Sat Jul 19 04:52:03 MDT 2014

The branch, master has been updated
       via  d90f332 s4:torture/rpc: add rpc.netlogon.ServerReqChallengeGlobal
       via  321ebc9 s4:rpc_server/netlogon: keep a global challenge table
      from  4580702 lib/util: move memcache.[ch] to the toplevel 'samba-util' library

http://gitweb.samba.org/?p=samba.git;a=shortlog;h=master


- Log -----------------------------------------------------------------
commit d90f3323ee001080645dcd25da8b8ce1367b1377
Author: Stefan Metzmacher <metze at samba.org>
Date:   Thu Jul 17 16:05:12 2014 +0200

    s4:torture/rpc: add rpc.netlogon.ServerReqChallengeGlobal
    
    This demonstrates that the challenge table should be global.
    
    Bug: https://bugzilla.samba.org/show_bug.cgi?id=10723
    
    Signed-off-by: Stefan Metzmacher <metze at samba.org>
    Reviewed-by: Jeremy Allison <jra at samba.org>
    
    Autobuild-User(master): Stefan Metzmacher <metze at samba.org>
    Autobuild-Date(master): Sat Jul 19 12:51:39 CEST 2014 on sn-devel-104

commit 321ebc99b5a00f82265aee741a48aa84b214d6e8
Author: Stefan Metzmacher <metze at samba.org>
Date:   Thu Jul 17 14:20:58 2014 +0200

    s4:rpc_server/netlogon: keep a global challenge table
    
    Some clients call netr_ServerReqChallenge() and netr_ServerAuthenticate3()
    on different connections.

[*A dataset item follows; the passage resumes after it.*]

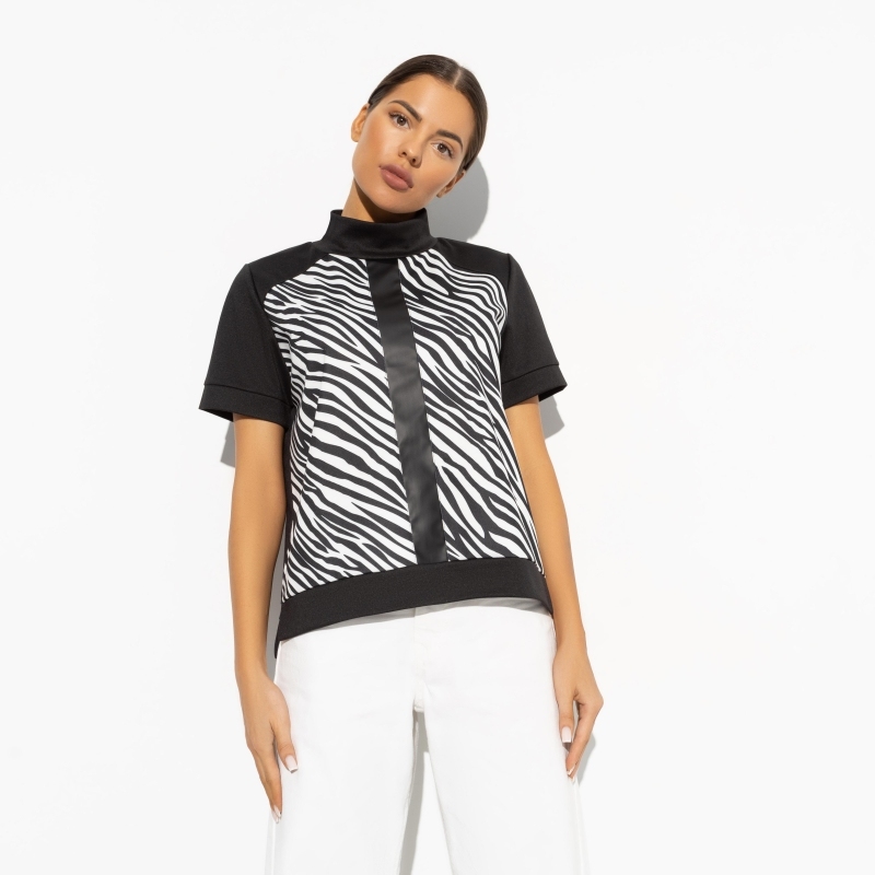 ТН ВЭД: 6110309900. Состав: Трикотаж «милано», «экокожа» (65% п/э, 30% вискоза, 5% стрейч) Плотность ткани: Средняя. Тип ткани: Трикотаж. Вид застежки: Нет. Дополнительный цвет ткани: Белый. Карманы: ... Показать описаниеНет. Основной цвет ткани: Черный. Отрезная талия: Есть. Подклад: Нет. Резинка по талии: Нет. Рисунок/раппорт: Каждое изделие уникально из-за расположения рисунка на ткани Сезон: Круглогодичный. Силуэт: Свободный. Стиль: Повседневный. Параметры модели на фото: Грудь: 88 см. Талия: 61 см. Бёдра: 89 см. Рост: 170 см. Размер на модели: 44. Длина изделия: * 44 размер - 59 см. * 46 размер - 60 см. * 48 размер - 61 см. * 50 размер - 62 см. * 52 размер - 63 см. * 54 размер - 64 см. Длина рукава: * 44 размер - 20 см. * 46 размер - 20,5 см. * 48 размер - 21 см. * 50 размер - 21,5 см. * 52 размер - 22 см. * 54 размер - 22,5 см. Вес товара, кг: * 44 размер - 0.21. * 46 размер - 0.23. * 48 размер - 0.25. * 50 размер - 0.26. * 52 размер - 0.25. * 54 размер - 0.26. Габариты товара (ДхШхВ), см.: * 44 размер - 32 х 32 х 2. * 46 размер - 32 х 32 х 2. * 48 размер - 32 х 32 х 2. * 50 размер - 32 х 32 х 2. * 52 размер - 32 х 32 х 2. * 54 размер - 32 х 32 х 2. Затаиться и наблюдать – часть твоей жизненной стратегии. Понимать причины и следствия, видеть, как зарождается дружба и перерождаются отношения. В водолазке с анималистичным принтом ты чувствуешь себя героем документального кино о диком мире саванны. Водолазка с коротким рукавом. Есть деликатные разрезы по бокам изделия. Повороты на рукавах прошиты. Эта водолазка не для тех, кто скрывается в тени. Она создана для тех, кто готов заявить о себе миру. Сочетание трикотажа «милано» и «набивного» трикотажа обеспечивает комфорт и стиль, а вставки из экокожи добавляют смелости и оригинальности вашему образу. Выразите свою смелость и уверенность в этой водолазке, которая подойдет для любых ситуаций, от повседневных встреч до важных переговоров. Сильный характер требует сильных элементов стиля. Анималистичный принт на этой водолазке станет вашим заявлением о силе и решимости. Он не только придает вашему образу энергию и динамизм, но и подчеркивает вашу способность рисковать и выделяться из толпы. Покажите миру свою силу и уверенность в этой стильной водолазке с анималистичным принтом. Подробное описание: 687357936

This works against Windows DCs as they
    have a global challenge table.
    
    A VMware provisioning task for Windows VMs seemy to rely on this behavior.
    
    As a fallback we're storing the challenge in a global memcache with a fixed
    size. This should allow these strange clients to work against a
    Samba AD DC.
    
    Bug: https://bugzilla.samba.org/show_bug.cgi?id=10723
    
    Signed-off-by: Stefan Metzmacher <metze at samba.org>
    Reviewed-by: Jeremy Allison <jra at samba.org>

-----------------------------------------------------------------------

Summary of changes:
 source4/rpc_server/netlogon/dcerpc_netlogon.c |   91 +++++++++++++++++++++++-
 source4/torture/rpc/netlogon.c                |   73 ++++++++++++++++++++
 2 files changed, 160 insertions(+), 4 deletions(-)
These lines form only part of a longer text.